Stolen elk’s remains return to final resting place in Rocky Mountain National Park

Meg Soyars
Kahuna in his glory. After the bull elk died, poachers stole his skull and antlers from Rocky Mountain National Park. They have since been found.
Dawn Wilson/Courtesy Photo

“Like the sun, he bathed us in his warm glow. Now that the sun has set and the cool of the evening has come, some of the warmth we absorbed is flowing back towards him.” So began an online eulogy for Kahuna, the best-known bull elk in Rocky Mountain National Park.

Good Bull Outdoors, a photography group that chronicled much of Kahuna’s life, posted the eulogy. A couple days after the eulogy post, an individual or individuals stole Kahuna’s skull and antler from his resting place.

Park Rangers at the park began investigating the illegal removal, believed to have occurred between March 20 and 22. Kahuna passed sometime around March 17. Since the elk’s body was in a protected national park, it was intended to fulfill the circle of life by staying there undisturbed by humans.

“This elk’s remains should be allowed to return to the earth in Rocky Mountain National Park, where he brought much joy to thousands of park visitors over many years,” stated a news release by park after the poaching incident. “… Rocky Mountain National Park’s wildlife are a resource for all to enjoy and protect.”

On April 9, park rangers were notified the skull and antler had been located. Poachers had cut and moved only one set of antlers, since the elk had shed the other antler sometime before his death. Rangers are still searching for the other antler Kahuna shed.

When reached for comment, Kyle Patterson, RMNP’s management specialist, could not disclose exactly where the cut skull and antlers were found, but it was within the park.

Kahuna, well-loved by the community, was one of the most widely photographed wild animals in the country. He traveled with a harem of females during his prime, and at around 1,000 pounds. was one of the most impressive bulls in the park. His majestic set of antlers unofficially scored over 426 points, according to Good Bull Outdoors. (A score of 375 is required to enter the all-time records book.)

Kahuna also went by the nicknames Bruno, Incredibull and Big Thirds. When he was alive, both visitors and wildlife photographers traveled to the park to catch sight of the magnificent animal in his natural habitat.

Good Bull Outdoors and ACS Nature Photography, two photography groups that both enjoyed chronicling Kahuna, took one of the last-known photos of the elk alive on March 7. At this point, the elk was visibly injured and underweight, having been hurt by another bull during the past rut season. Kahuna was also over 10 years old, at the twilight of his life.

The photographers eventually lost sight of the elderly elk due to a snowstorm. They traveled many miles in search of him. When they found him again on March 18, he was dead.

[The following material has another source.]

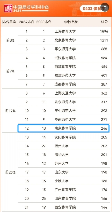 2024软科中国最好学科排名(体育学)

Although the exact cause of Kahuna’s demise is unknown, it is believed he died of natural causes and a mountain lion preyed on his carcass, as lion tracks were found around him.

ACS Nature Photography posted a photo of the dead Kahuna online.

“The king has fallen!” they wrote in the post. “He brought great joy to so many over the years with his show of dominance during the rut…this bull has given so many the shot of a lifetime and will always be remembered as one of the greatest Bull Elk to wander these parts.”

Many park visitors and other wildlife photographers commemorated Kahuna on social media, mourning his passing and sharing photos they had taken of the majestic animal when he was alive. Images of Kahuna’s mountain lion-mauled carcass were also circulated on social media, but the photographers who found his body did not divulge its location.

Now that park rangers have located the stolen skull and antlers, Kahuna can go back to resting in peace at the beautiful park he called home. Fans of Kahuna can look forward to seeing his progeny continue to live and thrive in the park, carrying on the legacy of the leader bull and one day taking their own place as “king” of Rocky Mountain National Park.